Statistical analysis included confidence intervals and other performance metrics, such as accuracy, precision, recall, F1-Score, and receiver operating characteristic-area under the curve (ROC-AUC), highlighting random forest, XGBoost, and LightGBM as consistently top performers. Class-specific analysis particularly noted random forest’s high accuracy (0.982) in predicting strong earthquakes.
Feature selection using information gain identified 15 key features that optimized model accuracy to 0.9797. Overall, the authors emphasized the effectiveness of advanced machine learning and neural network techniques in enhancing earthquake prediction and underscored the importance of careful feature selection and model comparison for accurate seismic event classification.
Conclusion
In conclusion, the researchers successfully enhanced earthquake prediction accuracy in Los Angeles using advanced machine learning techniques, particularly through a fine-tuned random forest model. By constructing a robust feature matrix and applying a subset of 15 selected features, the model achieved an impressive accuracy of 97.97% in predicting maximum earthquake magnitudes within 30 days.

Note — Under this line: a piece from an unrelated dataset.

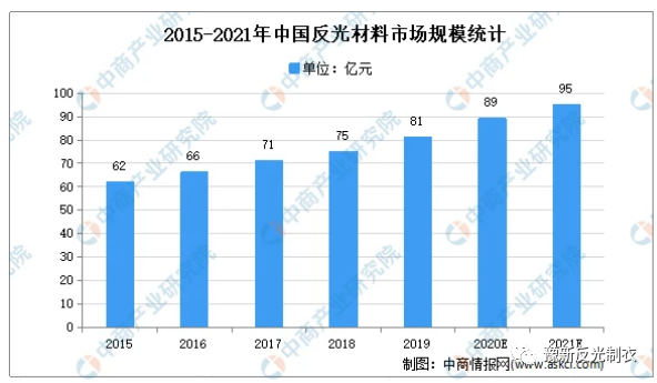 反光材料,广泛应用于交通标志标线、突起路标、轮廓标识、交通锥、防撞筒等各种道路交通安全设施,以及汽车号牌、衣物鞋帽、消防、铁路、水运、矿区等。随着经济的高速发展,下游行业发展旺盛,推动反光材料的发展。上海劳保技术展了解到,数据显示,2019年中国反光材料市场规模达81亿元。中商产业研究院预测,2021年我国反光材料市场规模将达95亿元。

However, the study also emphasized the importance of other models, such as LightGBM, XGBoost, and recurrent neural networks, in the overall analysis, highlighting the necessity of comparing different machine-learning approaches.
This research emphasized the critical role of machine learning in improving seismic risk management and preparedness strategies. By providing reliable forecasts, the study contributed valuable insights to the field of seismology, potentially aiding authorities in better disaster response and mitigation efforts in earthquake-prone regions.